3) by 2) the two-dimentional porous carbon sheet 9mg of middle gained and 1mg LA133 ultrasonic disperses in 1-METHYLPYRROLIDONE, then will Dispersion liquid is filtered onto barrier film, and drying obtains the battery diaphragm that two-dimentional porous carbon sheet is modified after cutting.

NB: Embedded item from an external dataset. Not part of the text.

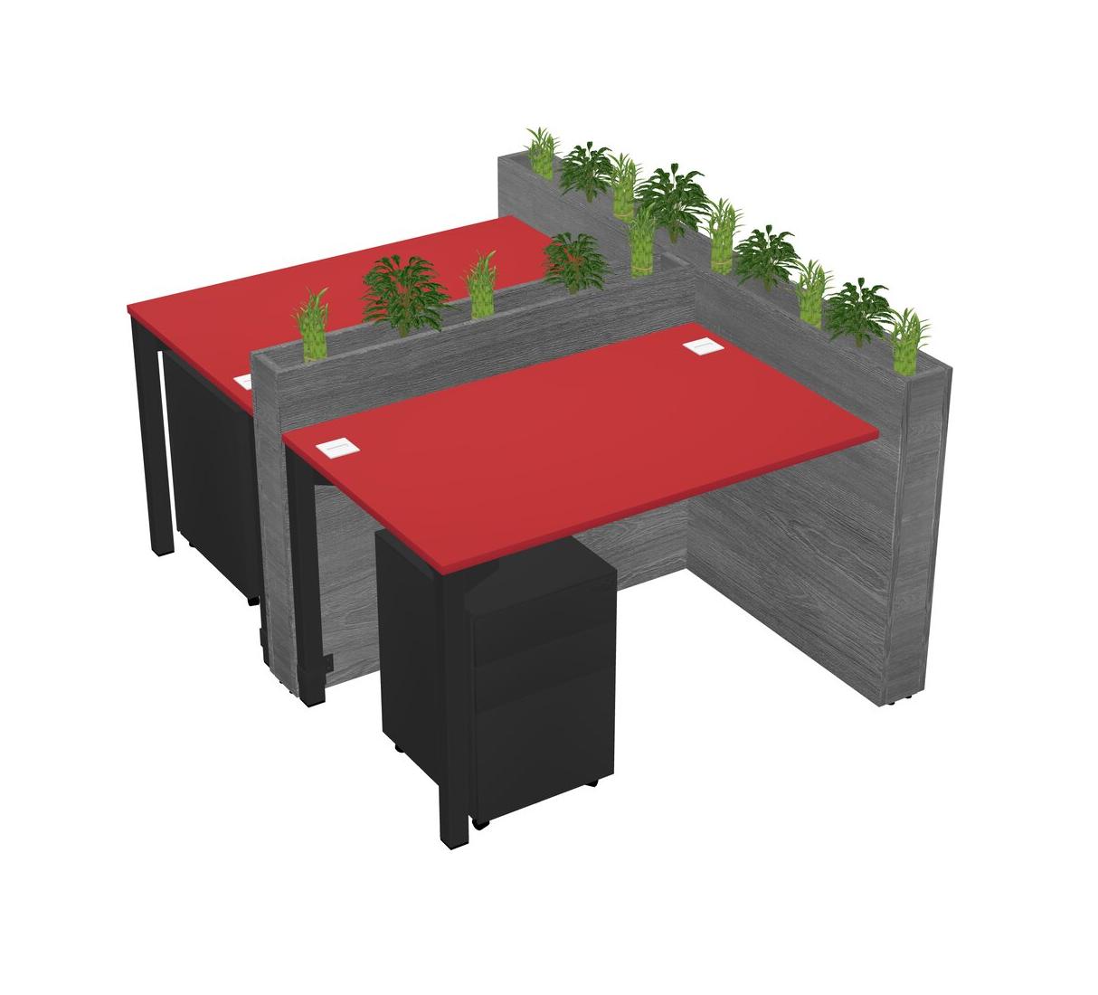 Prism Red Rectangular Shared Office Desk System Metal Mobile Drawers (Pots & Plants Sold Separately)

The synthesis schematic diagram of two-dimentional porous carbon sheet prepared by embodiment 3 is referring to Fig. 1, the scanning electron microscope (SEM) photograph of two-dimentional porous carbon sheet Referring to Fig. 2, the transmission electron microscope picture of two-dimentional porous carbon sheet referring to Fig. 3, the atomic force microscopy diagram of two-dimentional porous carbon sheet referring to Fig. 4, The atomic force curve map of two-dimentional porous carbon sheet is referring to Fig. 5, the N of two-dimentional porous carbon sheet2Adsorption desorption curve and graph of pore diameter distribution referring to Fig. 6, the pictorial diagram and sectional view of two-dimentional porous carbon sheet modified diaphragm are referring to Fig. 7, two-dimentional porous carbon sheet barrier film being modified and not The barrier film that the lithium-sulfur cell 0.2C circulation comparison diagrams that modified business barrier film is assembled are modified referring to Fig. 8, two-dimentional porous carbon sheet Lithium-sulfur cell 1C (the 1C=1675mA g assembled-1) long circulating performance map under the conditions of discharge and recharge is referring to Fig. 9.
Embodiment 4
1) 30mg GO and 0.6g polyvinylpyrrolidones are added in 120mL ethanol and 15mL deionized waters first, added Enter 6mL ammonia spirits and 1mL TEOS, stirring reaction 6h at 30 DEG C.Will be standby after product centrifuge washing.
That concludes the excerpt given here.